In the meantime, an individual incarcerated in the reformatory filed a federal lawsuit last month aimed at stopping and unwinding the agency’s actions.

JoJo Deogracias Ejonga filed the complaint in U.S. District Court. He is also seeking an injunction to block further consolidation and closure of reformatory living units. And it seeks to restore the longstanding practice at the reformatory of housing one man per cell.

The lawsuit asserts the prison’s allowance of one person per cell “has prevented a substantial amount of problems from ever taking place” because prisoners “respect more than anything their single man house.”
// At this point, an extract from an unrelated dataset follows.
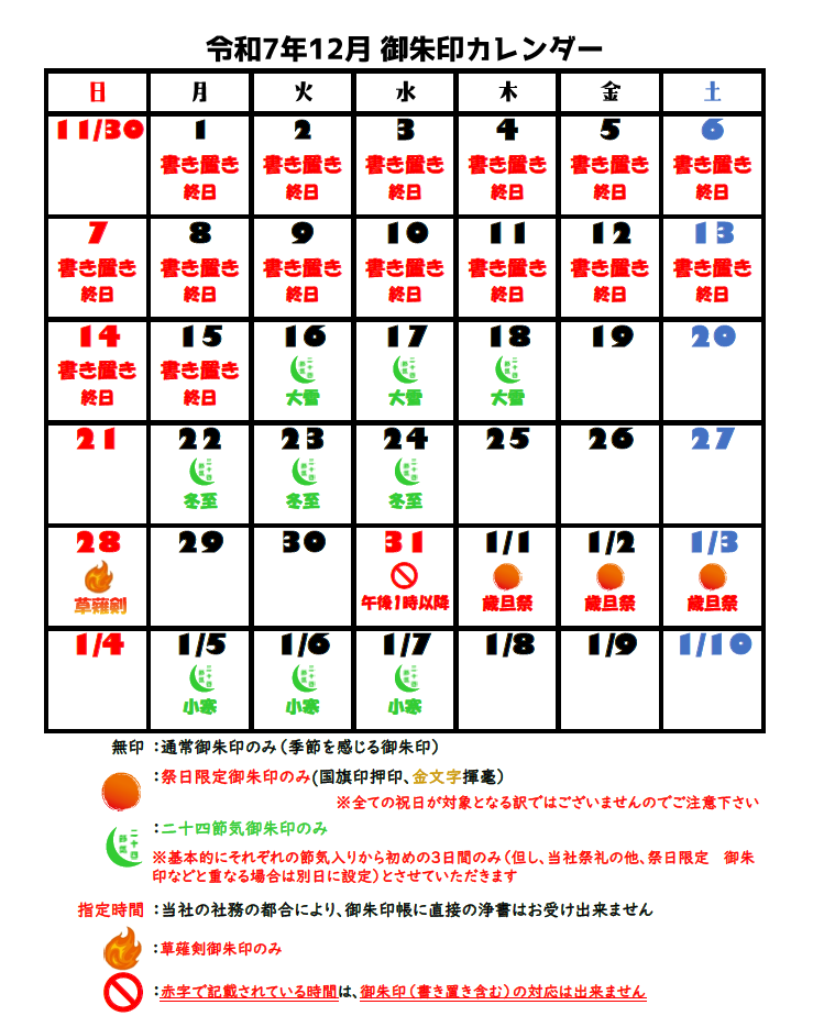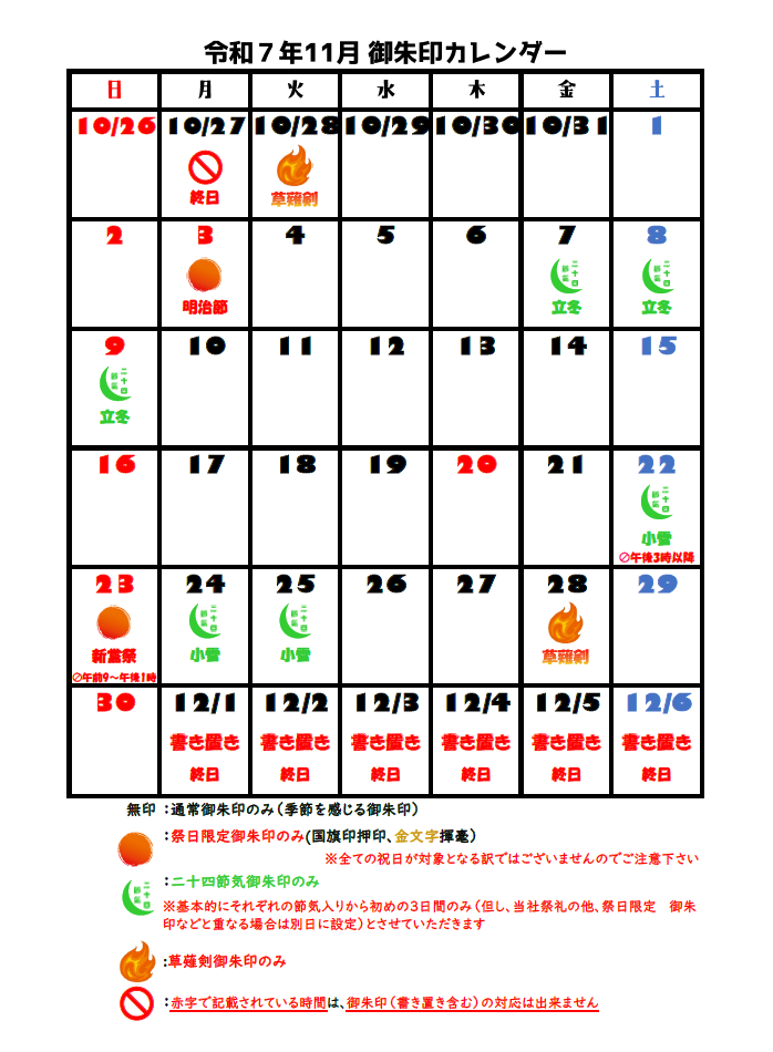 ※カレンダー中の “ 祭日限定御朱印 ” の一覧はこちらをご覧下さい。

Double-bunking, the suit alleges, creates conditions of overcrowding, increases the risk of violence in the facility and boosts the potential for spread of coronavirus.

Space is so tight that in order to use the toilet, one must sit on it sideways, the suit claims. “Toilets are not designed to be sat on sideways,” it reads.

Agency officials declined to respond, noting the department does not comment on ongoing litigation.

However, a spokeswoman noted in an email that double bunking “is the standard at every other facility in the state” and is in line with the department efforts to place prisoners into cohorts to reduce the spread of the potentially deadly virus.

Other mitigation strategies include staff testing once a week and daily screening for COVID-19 symptoms. There have been no recent transfers to the reformatory, nor have there been COVID cases within the population, according to an email from Rachel Ericson, the deputy communications director.

Also, more vaccinations have been administered at the Monroe Correctional Complex than at any other correctional facility in the state, she noted.